Mix strained fruit, chocolate, almonds and ice cream together.
Line a large pudding basin with plastic wrap so that it hangs well over the sides. Spoon mixture in and smooth the surface and cover with the overhang wrap. Freeze until firm. Enjoy.... :p


----------



## kitchenelf (Nov 11, 2002)

OK, I need some help here.  I thought sultanas and raisins were the same thing.  This recipe sounds great but I have a hard time eating the red and green cherries.  I know how they are made and just can't bring myself to eat them. LOL

And figs - that fruit is truly a gift from God.  We'll have to call this an American 4th of July Pudding though.  I know I can't get figs anywhere here - unless you mean dried figs?


----------



## Instantkiwi (Nov 15, 2002)

*Figs, sultanas & raisins!!!*

Raisins are dried red grapes and bigger than sultanas which are the smaller white variety (correct me if I'm wrong) and dried figs is what I meant!!! We do get fresh here though I haven't used them in recipes.


----------



## kitchenelf (Nov 16, 2002)

Thanks for the clarification Instantkiwi.  I sure hope you weren't talking to me when you said "correct me if I'm wrong!!!"  

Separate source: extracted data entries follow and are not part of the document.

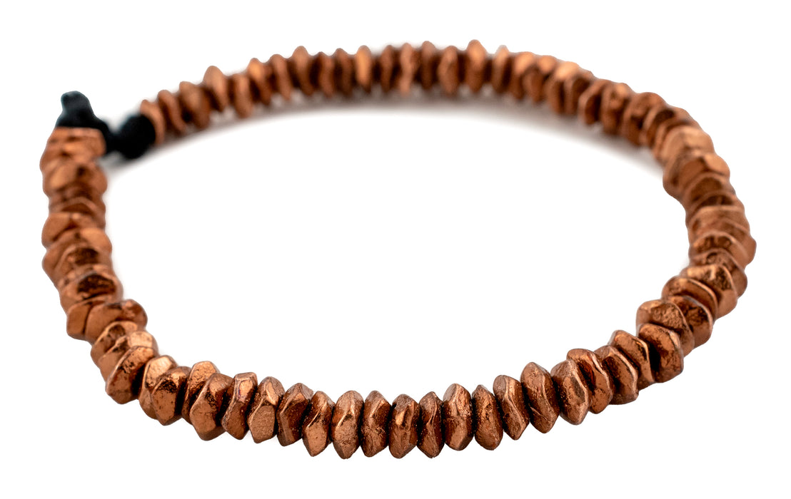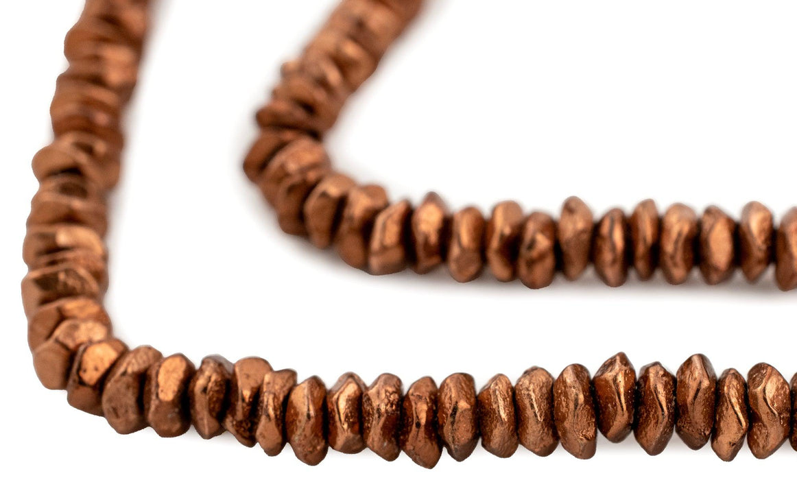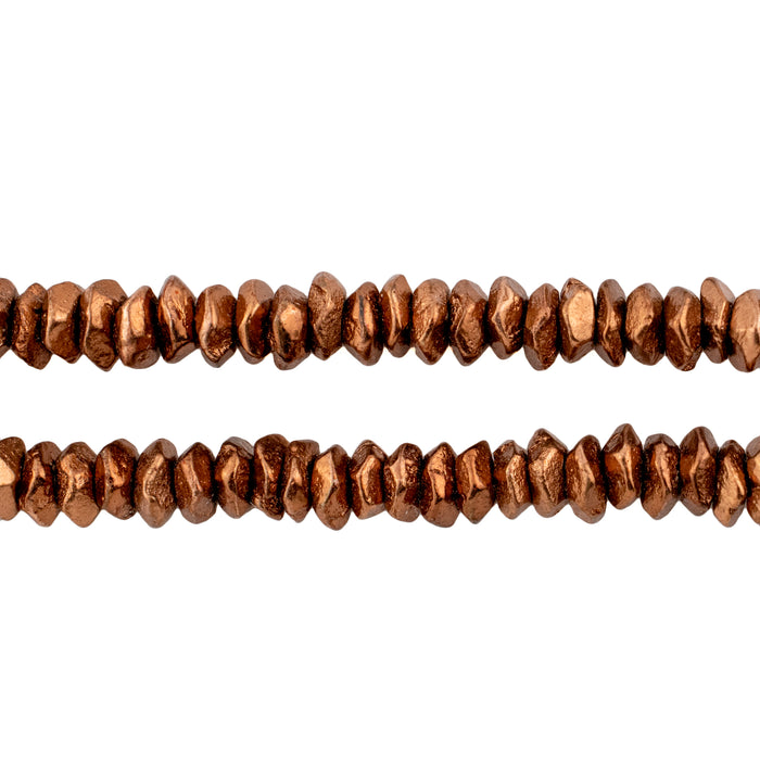 Nicely finished copper ring beads. Faceted edges give these beads a unique touch. One strand measures about 8.5" in length with 80 beads measuring 3mm wide by 7mm in diameter. This artisan product is made using premium copper electroplating over brass to make this copper finish a customer favorite. Try a strand today!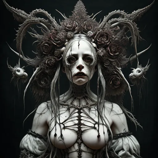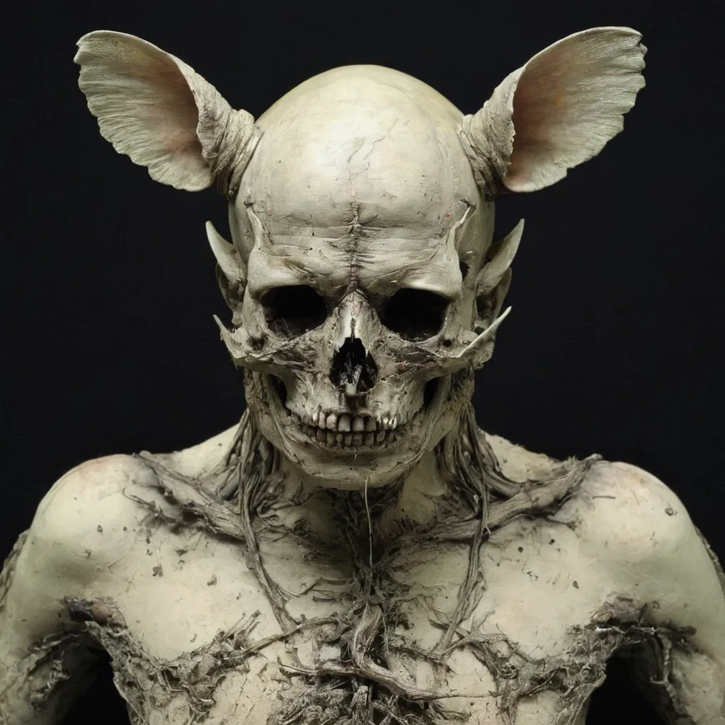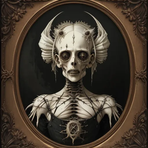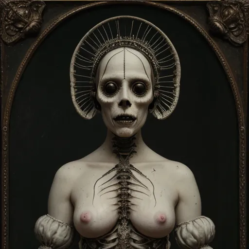 • Тема смерти и тлена: Часто присутствуют черепа, кости и распадающиеся структуры.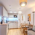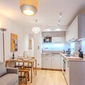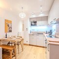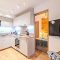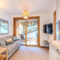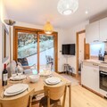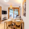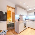The apartment is equipped with a fully functional kitchen that includes modern appliances such as an induction hob, oven, refrigerator, dishwasher, washing machine, toaster, kettle, and coffee maker. This setup allows for a self-sufficient stay, with all the necessary tools for preparing meals. Additional amenities include a shower room with a toilet, storage space for ski gear, and a bag of cleaning products to help guests maintain the apartment during their stay. With its thoughtfully designed layout and convenient location, this apartment offers a balanced mix of comfort and practicality for both short and extended stays.

Now, I could suffer through the red and green cherries just to get to the brandy :p 

This sounds similar to the brandied fruit that you could keep and then give some away and keep adding to it and keep it going for a very long time.  But you only served that over ice cream.  This recipe of yours sounds really interesting with the addition of chocolate and almonds, along with freezing it.


----------